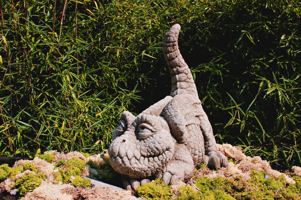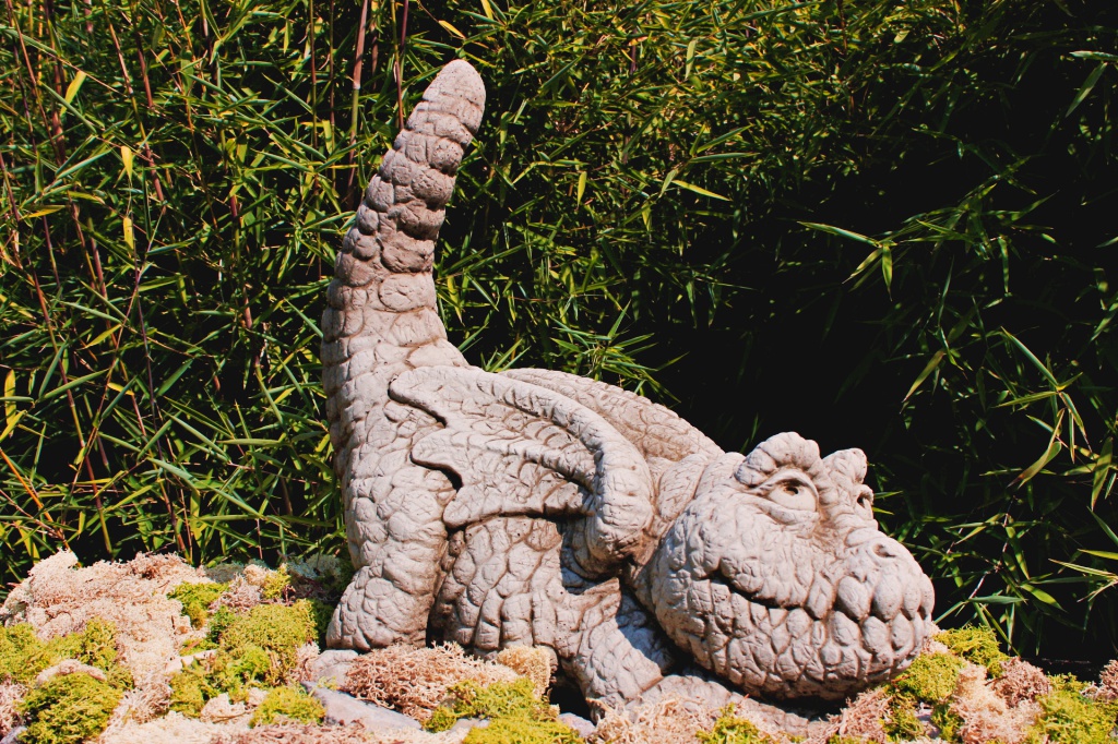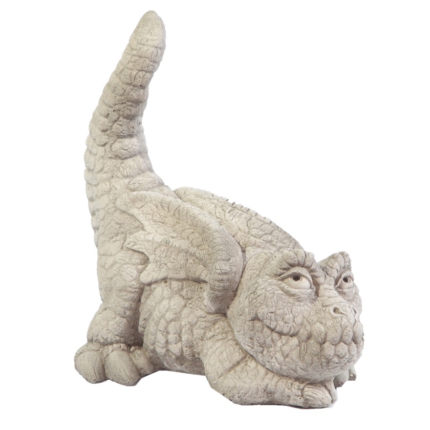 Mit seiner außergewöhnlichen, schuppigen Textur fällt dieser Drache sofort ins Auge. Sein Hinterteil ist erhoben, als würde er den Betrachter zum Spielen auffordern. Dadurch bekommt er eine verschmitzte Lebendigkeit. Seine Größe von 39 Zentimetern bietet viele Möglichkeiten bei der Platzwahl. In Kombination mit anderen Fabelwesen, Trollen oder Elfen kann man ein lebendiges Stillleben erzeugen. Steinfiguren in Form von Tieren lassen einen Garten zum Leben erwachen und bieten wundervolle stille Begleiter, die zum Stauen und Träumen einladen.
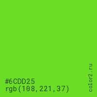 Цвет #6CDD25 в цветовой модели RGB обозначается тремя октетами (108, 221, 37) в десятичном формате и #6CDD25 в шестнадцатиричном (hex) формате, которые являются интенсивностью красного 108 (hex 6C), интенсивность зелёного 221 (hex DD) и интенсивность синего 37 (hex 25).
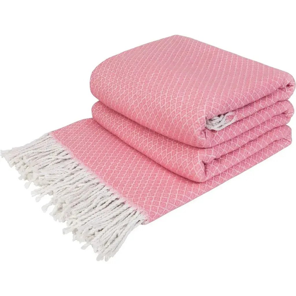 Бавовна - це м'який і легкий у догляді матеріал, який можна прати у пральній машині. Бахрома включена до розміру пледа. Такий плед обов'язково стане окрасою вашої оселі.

[Exercise] An exact reproduction of the data above is required, with every picture removed.

[Reply to the task]
 Mit seiner außergewöhnlichen, schuppigen Textur fällt dieser Drache sofort ins Auge. Sein Hinterteil ist erhoben, als würde er den Betrachter zum Spielen auffordern. Dadurch bekommt er eine verschmitzte Lebendigkeit. Seine Größe von 39 Zentimetern bietet viele Möglichkeiten bei der Platzwahl. In Kombination mit anderen Fabelwesen, Trollen oder Elfen kann man ein lebendiges Stillleben erzeugen. Steinfiguren in Form von Tieren lassen einen Garten zum Leben erwachen und bieten wundervolle stille Begleiter, die zum Stauen und Träumen einladen.
 Цвет #6CDD25 в цветовой модели RGB обозначается тремя октетами (108, 221, 37) в десятичном формате и #6CDD25 в шестнадцатиричном (hex) формате, которые являются интенсивностью красного 108 (hex 6C), интенсивность зелёного 221 (hex DD) и интенсивность синего 37 (hex 25).
 Бавовна - це м'який і легкий у догляді матеріал, який можна прати у пральній машині. Бахрома включена до розміру пледа. Такий плед обов'язково стане окрасою вашої оселі.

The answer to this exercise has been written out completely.